What is being asked
Go through the data and copy every line exactly, but not the images.

Data
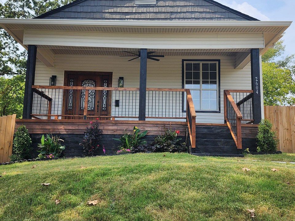 Move In Ready!! Home was taken to the studs and rebuilt. This stunning completely renovated home is combined with elegance and vintage. Located 3 minutes from downtown. The large covered porch is perfect for relaxation. The open floor plan has a LED electric fireplace, Quartz countertops and recess lighting throughout the house. Kitchen features new stainless-steel appliances with an Over-the Range Convection Microwave. Beautiful white custom cabinetry with a Lazy Susan Turntable. Coffee Bar. Refrigerator conveys. The primary bedroom features a walk-in closet, full bathroom with a custom walk-in shower and a door that leads to the back deck to enjoy the beautiful privacy fenced backyard. Storage building conveys. Light fixtures and ceiling fans 2025, Waterproof LVP flooring 2025, Electrical 2025, Plumbing 2025, Water Heater 2025, Gutters 2025, Roof 2025, Sod 2025. This home was built in 1959 but has all the high-end features of a new construction. This beauty will not last long, schedule your private showing today!! See Agent Remarks.
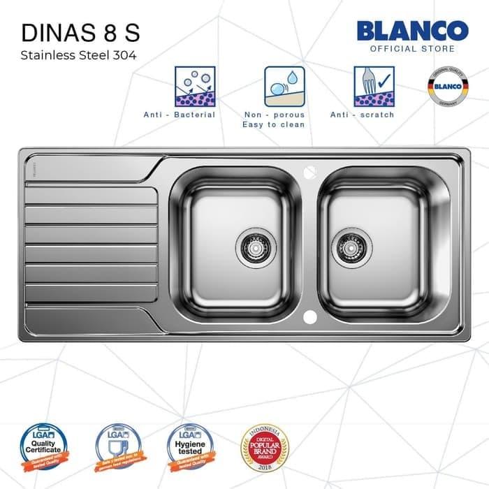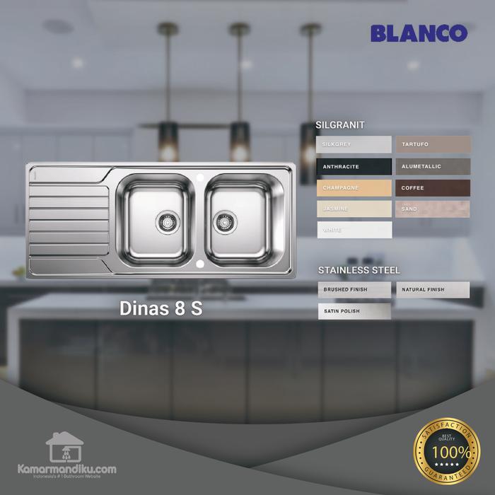 BLANCO Germany merupakan pemimpin pasar di Jerman untuk produk kitchen sink stainless steel. BLANCO sudah memproduksi sink stainless steel selama lebih dari 90 tahun. BLANCO DINAS 8S – Desain sangat modern dan minimalis – Terbuat dari bahan stainless steel 304 dengan kandungan 18/10 (18% Chromium, 10% Nikel) – Satu lubang besar dilengkapi dengan drainer (sayap) untuk mengeringkan peralatan makan – Reversibel: Sayap dapat diinstall di kedua sisi (kanan atau kiri) – Sudah termasuk saringan pembuangan 3 ½‘‘ stainless steel – Ukuran Sink: 1160 x 500 mm – Ukuran Lubang: 340x400mm (lubang utama), 340x400mm (lubang kedua) – Kedalaman lubang : 190mm – Finishing: Stainless Steel Brushed – Paket sudah termasuk afur gantung, tetapi masih membutuhkan selang tambahan untuk menyambungkan pipa afur kearah saluran pembuangan air.
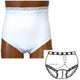 OPTIONS™ Split-Cotton Crotch with built-in barrier/support, white, left-side stoma, Small 4-5, hips 33" - 37". Designed for 24-hour wear. Perfect for intimate moments and active daywear, and sleeping. Split allows air to flow to body. Split-crotch also separates automatically for urination when knees spread apart. 90% Cotton/10% Lycra. Ostomy Barrier/Support 100% Cotton-absorbs/wicks moisture away from skin.
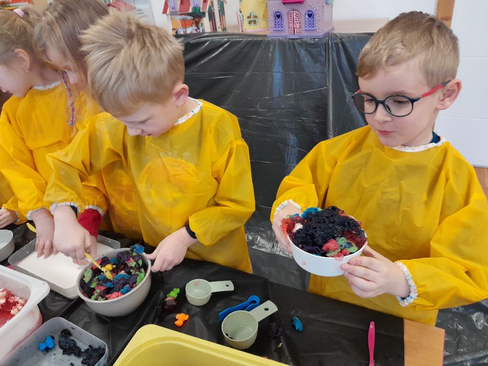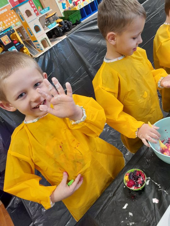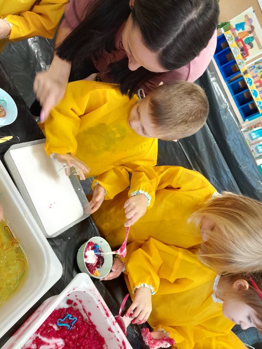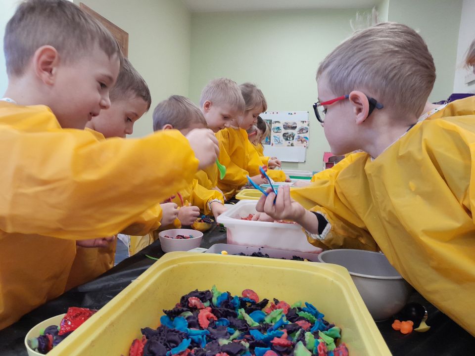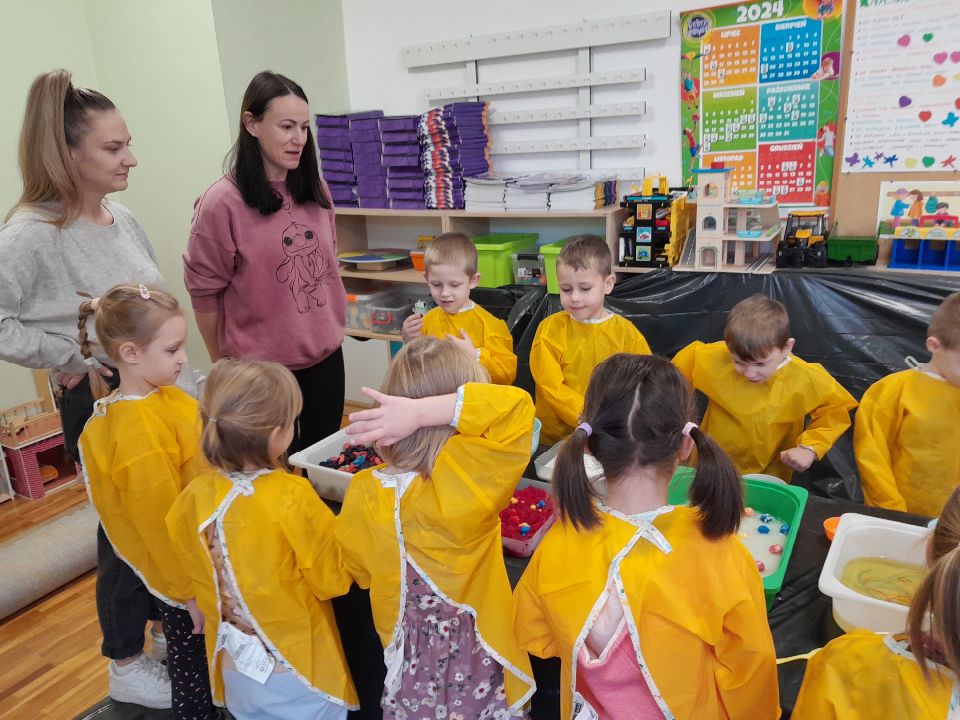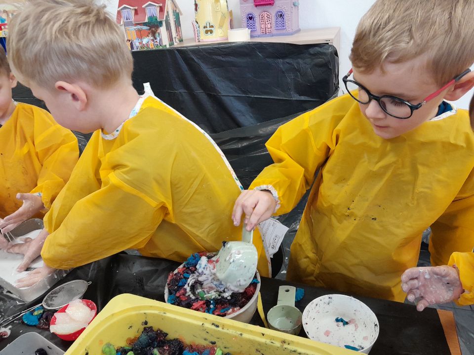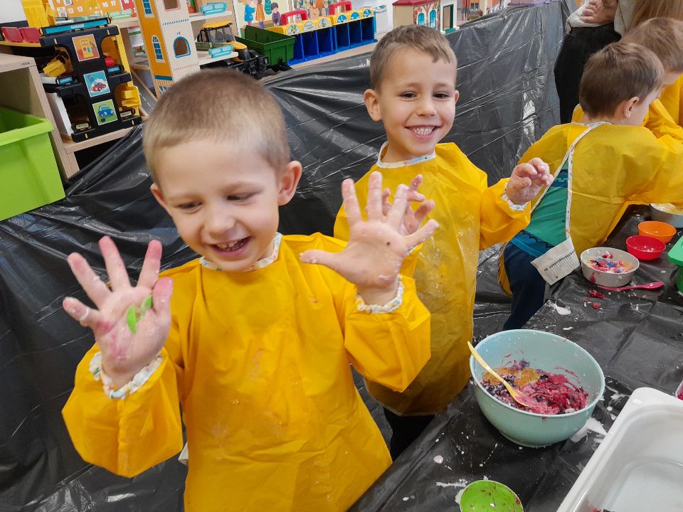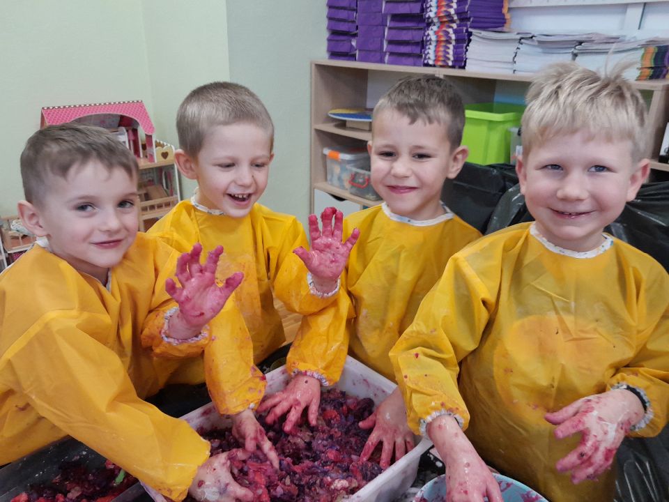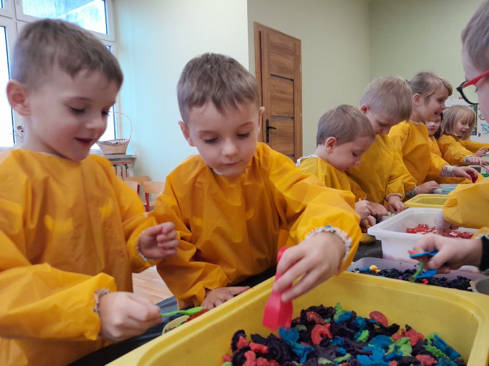 Dzisiaj bawiliśmy się różnymi masami plastycznymi. Były to smakowicie pachnące: galaretka, budyń, kisiel i ciecz nienewtonowska. Ależ to była zabawa.

Solution for this problem
 Move In Ready!! Home was taken to the studs and rebuilt. This stunning completely renovated home is combined with elegance and vintage. Located 3 minutes from downtown. The large covered porch is perfect for relaxation. The open floor plan has a LED electric fireplace, Quartz countertops and recess lighting throughout the house. Kitchen features new stainless-steel appliances with an Over-the Range Convection Microwave. Beautiful white custom cabinetry with a Lazy Susan Turntable. Coffee Bar. Refrigerator conveys. The primary bedroom features a walk-in closet, full bathroom with a custom walk-in shower and a door that leads to the back deck to enjoy the beautiful privacy fenced backyard. Storage building conveys. Light fixtures and ceiling fans 2025, Waterproof LVP flooring 2025, Electrical 2025, Plumbing 2025, Water Heater 2025, Gutters 2025, Roof 2025, Sod 2025. This home was built in 1959 but has all the high-end features of a new construction. This beauty will not last long, schedule your private showing today!! See Agent Remarks.
 BLANCO Germany merupakan pemimpin pasar di Jerman untuk produk kitchen sink stainless steel. BLANCO sudah memproduksi sink stainless steel selama lebih dari 90 tahun. BLANCO DINAS 8S – Desain sangat modern dan minimalis – Terbuat dari bahan stainless steel 304 dengan kandungan 18/10 (18% Chromium, 10% Nikel) – Satu lubang besar dilengkapi dengan drainer (sayap) untuk mengeringkan peralatan makan – Reversibel: Sayap dapat diinstall di kedua sisi (kanan atau kiri) – Sudah termasuk saringan pembuangan 3 ½‘‘ stainless steel – Ukuran Sink: 1160 x 500 mm – Ukuran Lubang: 340x400mm (lubang utama), 340x400mm (lubang kedua) – Kedalaman lubang : 190mm – Finishing: Stainless Steel Brushed – Paket sudah termasuk afur gantung, tetapi masih membutuhkan selang tambahan untuk menyambungkan pipa afur kearah saluran pembuangan air.
 OPTIONS™ Split-Cotton Crotch with built-in barrier/support, white, left-side stoma, Small 4-5, hips 33" - 37". Designed for 24-hour wear. Perfect for intimate moments and active daywear, and sleeping. Split allows air to flow to body. Split-crotch also separates automatically for urination when knees spread apart. 90% Cotton/10% Lycra. Ostomy Barrier/Support 100% Cotton-absorbs/wicks moisture away from skin.
 Dzisiaj bawiliśmy się różnymi masami plastycznymi. Były to smakowicie pachnące: galaretka, budyń, kisiel i ciecz nienewtonowska. Ależ to była zabawa.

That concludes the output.